Ever felt guilty for tweaking your study design because the results weren’t what you wanted? Synthetic datasets — Bosh! Designs developed using synthetic datasets can be revised iteratively without concerns about data-dredging or post-hoc hypothesising since you know not to trust the results. This limits wriggle-room for you to bias your methods towards favourable results, consciously or unconsciously. Your study design should be agnostic to the results, after all.

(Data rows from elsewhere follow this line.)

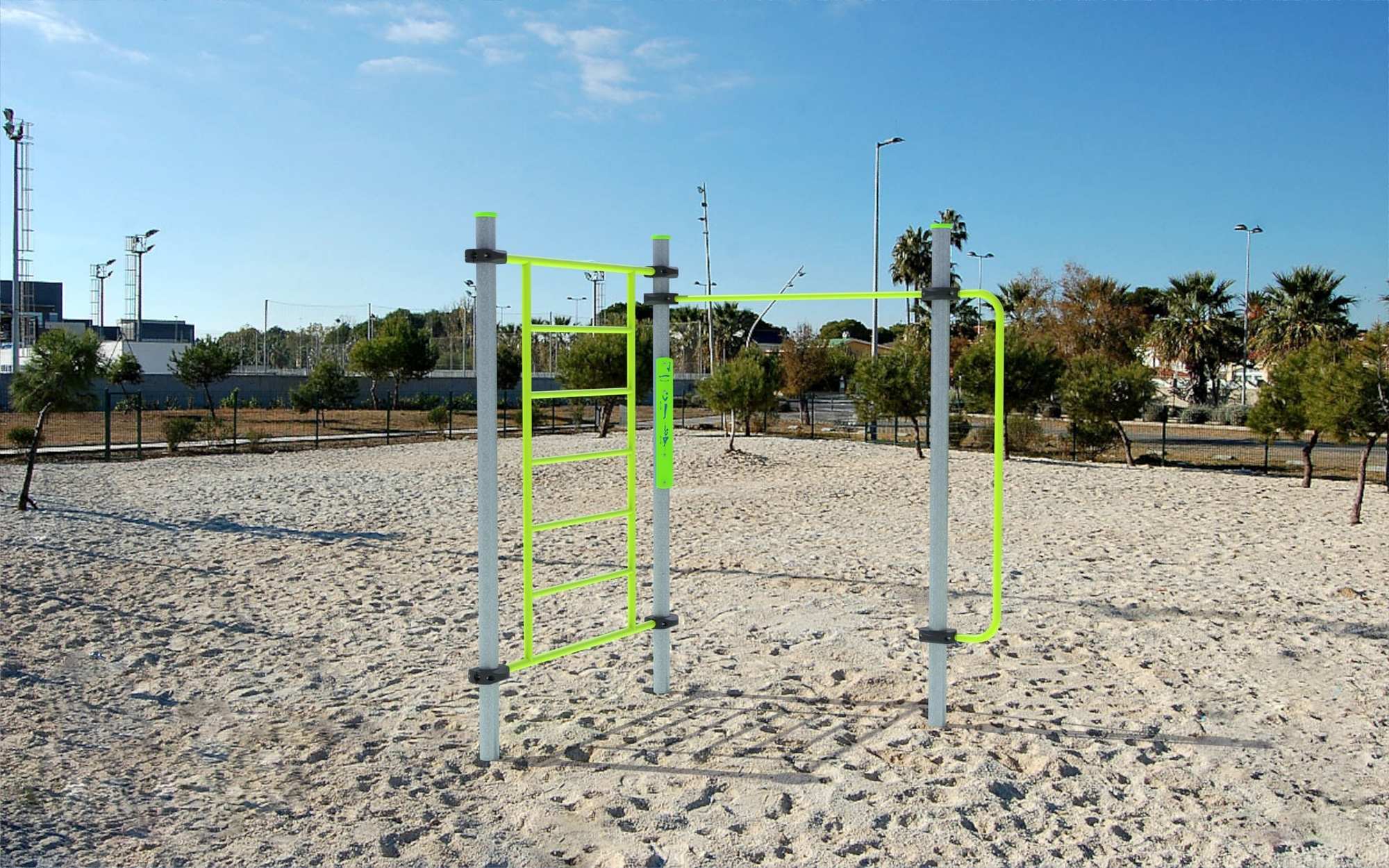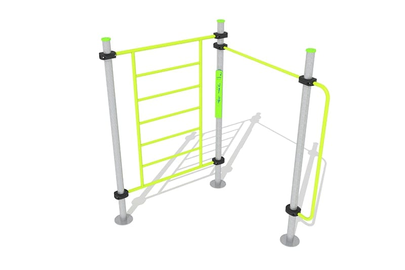 Set se sastoji od 3 stupa, 1 šipke za zgibove na različitim razinama, 1 švedskog zida i 1 jarbola za zastavu. Vertikalna šipka. Samo jedan korisnik po šipki. Vježba se mora izvoditi centrirano na šipki. Vježbe na elementima predviđenim za viseći položaj moraju se precizno koristiti u tom položaju.
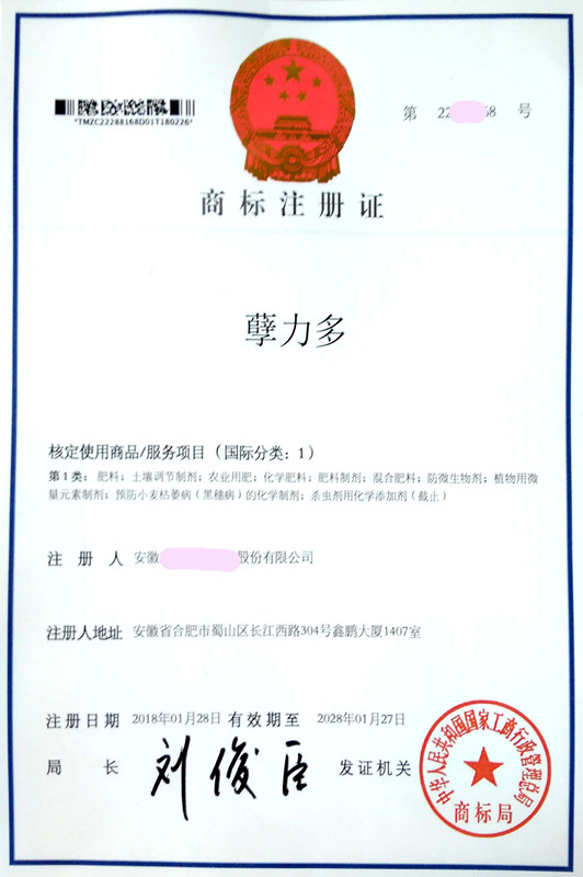 “孽力多” 1类商标注册证下达
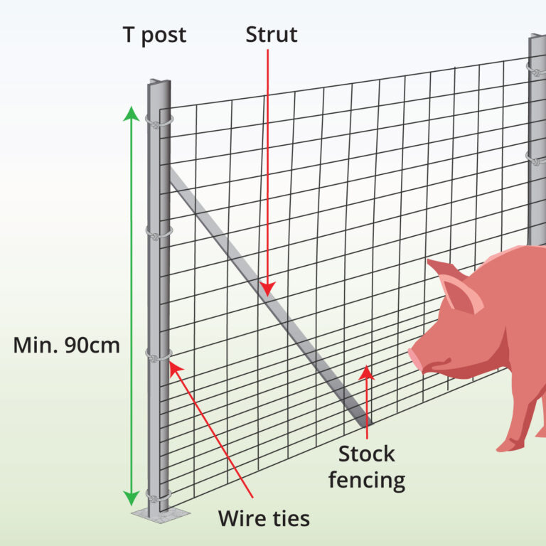Pig fence used for boundary marking and creating pens. Pig proof panels offer the simplest installation and pig stock fencing is the most economic.

Synthetic datasets (or simulated datasets if data collection hasn’t happened yet and we need to generate data from scratch) can be used to pre-register studies in a manner much more precise than with vague allusions to “multiple imputation” or “non-parametric tests”, as the script will unambiguously encode the methodological design that converts the data into evidence.
Ever tried to adapt someone else’s code for your own use when you didn’t have access to the dataset it was intended for? Synthetic datasets — Kablamo! Even if you didn’t use synthetic dataset in the development of your study, if for whatever reason you can’t share your dataset, preparing a synthetic dataset afterwards facilitates the reusability of your analysis scripts. This helps other groups to repurpose or build on the study’s methods and increases the impact of your research.
Ever needed a big, messy ‘true-to-life’ dataset for teaching or training? Synthetic datasets — Doof! This doesn’t need much elaboration. Small or toy datasets are incredibly useful, but they have their limits. There’s only so much you can learn about complex datasets from iris and gapminder.
It’s bonkers that synthetic datasets are not used more often to increase research integrity and reduce research waste.
I’m looking at you, writers of the phrase “the dataset for this study contains confidential patient-level data and cannot be shared” without making any attempt whatsoever to mitigate the problems of research transparency and reusability that this raises.
I’m looking at you, PIs who obsess over being scooped, but aren’t concerned that your research isn’t reproducible.
I’m looking at you, custodians of every single birth cohort, disease or treatment registry, electronic health record, trial dataset, or administrative database on the planet who make researchers wait over a year for access to your data.
The point is, we can do so much more to improve research transparency and efficiency using synthetic datasets without worrying whether they can be trusted to reliably replace real datasets entirely. The methods and tools and tutorials are already here. Use them!